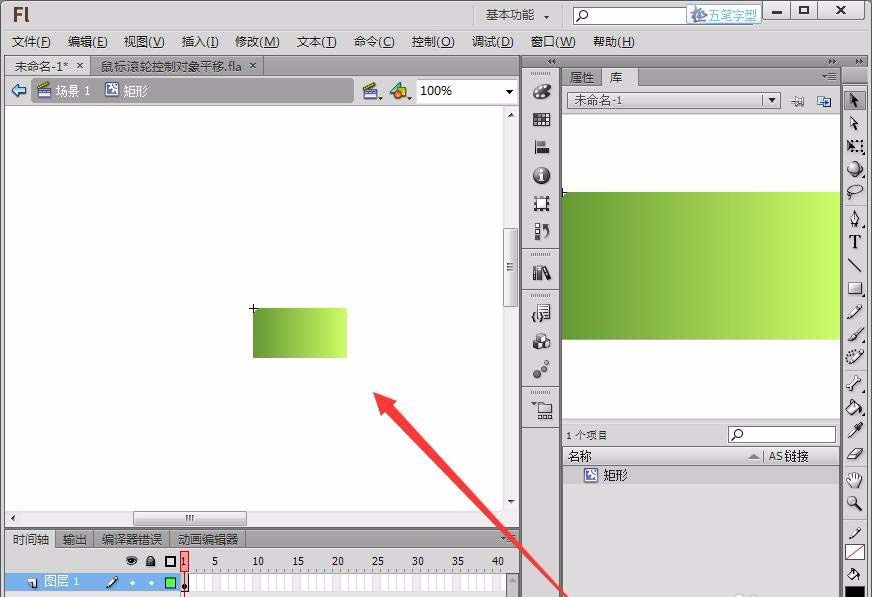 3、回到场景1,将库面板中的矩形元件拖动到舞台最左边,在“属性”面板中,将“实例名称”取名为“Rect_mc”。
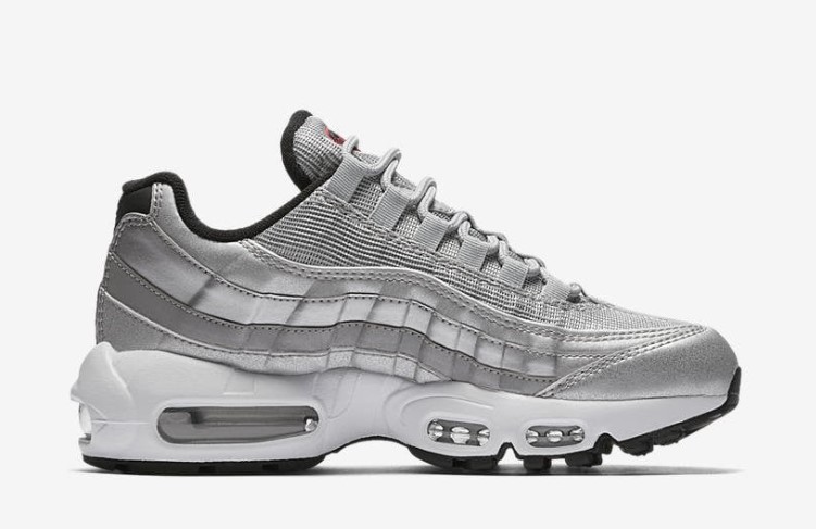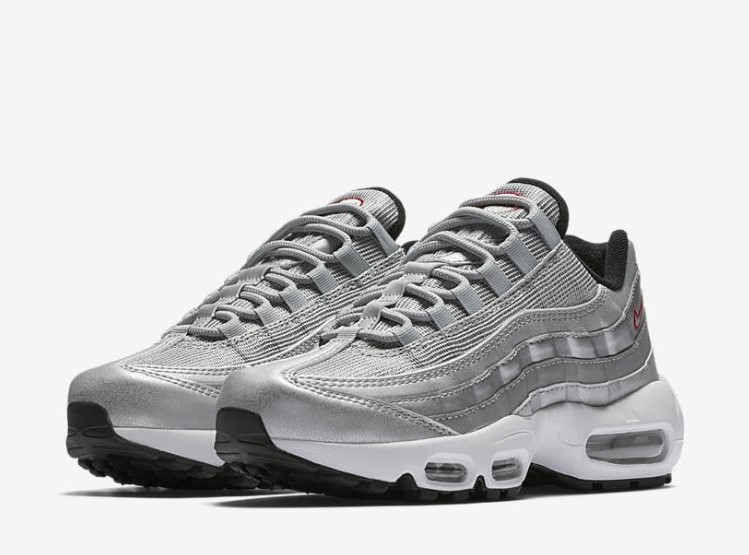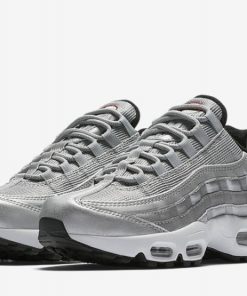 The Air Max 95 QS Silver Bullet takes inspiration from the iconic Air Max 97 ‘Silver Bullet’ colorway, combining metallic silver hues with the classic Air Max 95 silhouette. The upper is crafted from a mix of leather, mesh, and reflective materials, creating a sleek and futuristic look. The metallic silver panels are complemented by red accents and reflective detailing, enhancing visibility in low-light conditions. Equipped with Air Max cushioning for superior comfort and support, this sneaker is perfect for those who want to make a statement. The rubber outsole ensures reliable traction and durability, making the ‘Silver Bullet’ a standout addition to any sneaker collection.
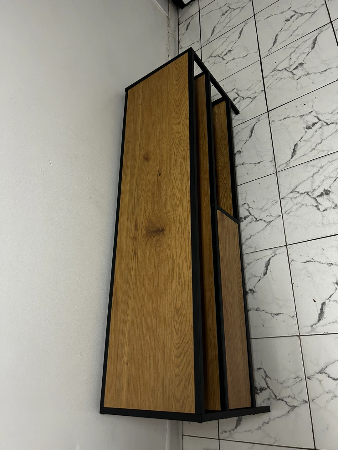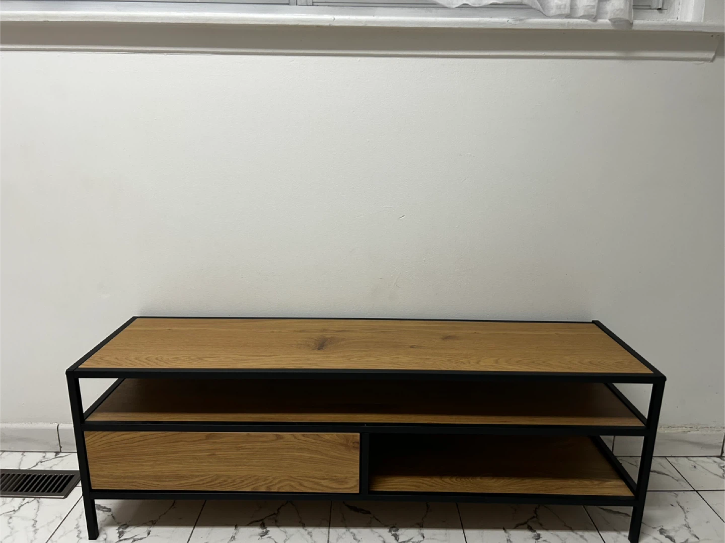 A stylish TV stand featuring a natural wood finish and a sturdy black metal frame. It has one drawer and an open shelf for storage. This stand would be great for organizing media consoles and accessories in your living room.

+===+

TASK BRIEF: Leave every image out, and retype the material exactly.

REPLY TO THE EXERCISE:
 3、回到场景1,将库面板中的矩形元件拖动到舞台最左边,在“属性”面板中,将“实例名称”取名为“Rect_mc”。
 The Air Max 95 QS Silver Bullet takes inspiration from the iconic Air Max 97 ‘Silver Bullet’ colorway, combining metallic silver hues with the classic Air Max 95 silhouette. The upper is crafted from a mix of leather, mesh, and reflective materials, creating a sleek and futuristic look. The metallic silver panels are complemented by red accents and reflective detailing, enhancing visibility in low-light conditions. Equipped with Air Max cushioning for superior comfort and support, this sneaker is perfect for those who want to make a statement. The rubber outsole ensures reliable traction and durability, making the ‘Silver Bullet’ a standout addition to any sneaker collection.
 A stylish TV stand featuring a natural wood finish and a sturdy black metal frame. It has one drawer and an open shelf for storage. This stand would be great for organizing media consoles and accessories in your living room.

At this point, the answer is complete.